For Sarah Marshall, travel and security manager at DAI, this kind of flexibility is important to ease digital stress. “People like flexibility when it comes to booking travel – sometimes they just want to log on and book a regular simple route they have booked dozens of times. Other times they want to pick up the phone and speak to someone who knows what they are talking about whether it’s a hotel or route they have never used before,” she says.
“Our travellers are pretty good – they just want a clear policy on what they have to do and when to use the most suitable booking option. If travellers know which app or website to use, they are more likely to be compliant which makes enforcement of duty-of-care processes straightforward.”
Master or servant?
The question of whether we play master or servant could prove to be a short-lived debate, however. Nick Chiarelli is director of research and analytics at Foresight Factory, which tracks consumer attitudes and behaviour. He says that currently technology is invasive – “it doesn’t leave us alone” – but recent advancements mean technology will start to fade into the background, and become less intrusive.
“Technology overload, or digital detox, is temporary – it’s a here and now phenomenon,” he says, noting the rise in more “haptic” or wearable technology, and the theme of “causal connectivity”.

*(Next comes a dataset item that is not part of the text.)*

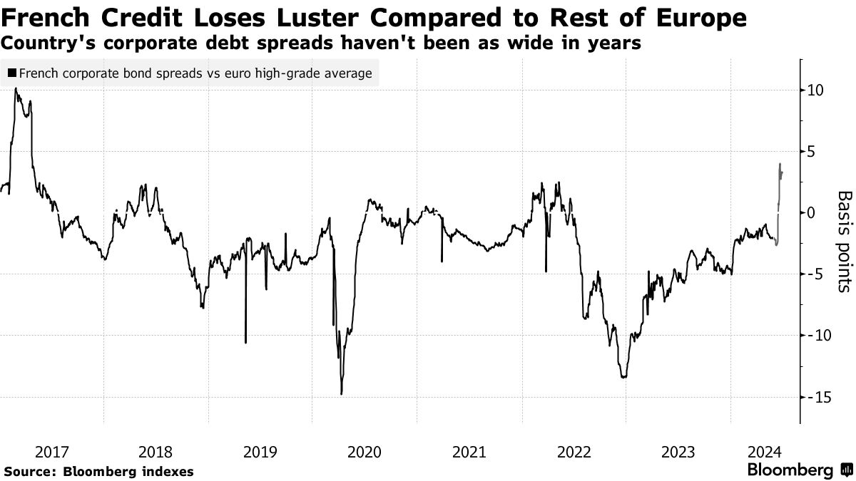 在信贷市场上,法国公司相对于其欧元区同行的借款风险溢价已经飙升至2017年选举前的最高水平。在临时选举被宣布之前,这一成本一直保持较低。

“For example, on some motorbikes the handlebars can link to a phone’s map app, and vibrate left or right to indicate which way to turn,” says Chiarelli. “There are even shoes that have pads that vibrate in the same way. In the longer term, people won’t have to look at a screen. And in about three to five years, the phone will be our servant, not the other way round.”
He also believes in offering the right balance between automation and human interaction, citing the recent revival of Google Glass as a case in point. Google launched the augmented-reality, wearable device in May 2014, but withdrew it eight months later. However, Google announced in July this year that it is planning to relaunch it as Glass Enterprise Edition – and as a business application.
“Virgin Atlantic trialled it,” recalls Chiarelli, “and I think that’s a better idea of where technology is going. It’s not replacing human interaction, it’s improving human interaction."